Jagad perpolitikan tanah air kembali menyita perhatian publik setelah salah satu capresnya tidak fasih menyebut gelar Nabi Muhammad SAW (Sallaallahu 'Alaihi Wassalam) dalam sebuah panggung acara bertajuk reuni akbar alumni 212 di monas Jakarta. Saat berpidato dalam acara tersebut, Prabowo salah mengucapkan singkatan SAW, gelar Nabi Muhammad. Semestinya, Rasulullah Sallaallahu 'Alaihi Wassalam, namun dalam pidatonya Prabowo mengucapkan Sallaallahu hulaihi wassalam.

Dikutip dari laman ini, begini setidaknya petikan pidatonya. "Saudara-saudara sekalian, salawat dan salam kita tujukan kepada junjungan kita, baginda nabi besar Muhammad Rasulullah hullaihi wassalam, yang telah memberi kita agama dan peradaban," kata Prabowo.

Bisa ditebak, kesalahan pengucapan gelar Nabi Muhammad langsung menjadi sasaran tembak dan "ejekan", terutama di media sosial. Kalimat bernada ejekan dengan mudah kita jumpai dalam beberapa beranda FB.  Bahkan ada juga tangan-tangan kreatif pembuat meme yang arahnya mengejek atas kesalahan penyebutan gelar Nabi Muhammad SAW tersebut. Seperti biasa, ada juga jurus memohon pemakluman dari rakyat yang dilakukan oleh timsesnya yang menyebut bahwa Prabowo "keseleo" lidah dan merupakan hal yang manusiawi.

Peristiwa di atas mengingatkan saya ketika Presiden Jokowi juga dianggap salah saat mengucapkan Al Fatihah menjadi Al Fatekah dalam membuka acara MTQ Nasional ke 27- di Medan pada Oktober lalu. Sama seperti Prabowo, akhirnya banyak juga orang-orang yang tidak respect bahkan ada juga yang cenderung menghina Jokowi karena salah ucap tersebut.
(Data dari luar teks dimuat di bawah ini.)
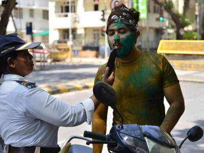 रंगपंचमीसाठी मोठा फौजफाटाही तैनात करण्यात आला होता, त्यावेळी पोलीस ड्रंक अँड ड्राइव्हची तपासणी करताना पाहायला मिळत होते.

Akhirnya, dengan berbagai upaya para pendukung dan timsesnya membela Jokowi dengan beberapa argumentasi, meskipun masuk akal tapi menurut saya terkesan dicari-cari. Hal ini saya anggap biasa dalam suatu kontestasi politik. Diantaranya yang paling banter adalah karena ada kebiasaan dalam pengucapan bahasa Arab sesuai aksen daerah tertentu, kebetulan Jokowi berasal dari Solo, Jawa Tengah.

Salah ucap yang dilakukan Prabowo maupun Jokowi sebaiknya menjadi pelajaran berharga bagi kita semua, terutama para pendukungnya. Lebih-lebih timsesnya. Dari dua peristiwa tersebut boleh jadi, dua calon presiden tidak ada yang lebih jago dalam hal ilmu agama Islam dibandingkan dengan yang lain. Kedua calon presiden sama-sama tidak lebih baik dalam menyebut istilah penting dalam agama Islam.

Boleh jadi, Prabowo tidak lebih Islam daripada Jokowi meskipun didukung oleh ulama dan para habaib. Atau bahkan sebaliknya Jokowi juga tidak lebih Islam meskipun calon wakil presidennya juga seorang Kyai. Artinya, perdebatan siapa salah-siapa benar dalam konteks ini sangat dilatar belakangi oleh persoalan politik, pemilihan presiden 17 April 2019. Bayangkan jika dalam kondisi normal dan tidak berada dalam tahun politik, boleh jadi kasus salah ucap oleh kedua calon presiden tidak akan pernah dipermasalahkan, bahkan dianggap hal yang lumrah.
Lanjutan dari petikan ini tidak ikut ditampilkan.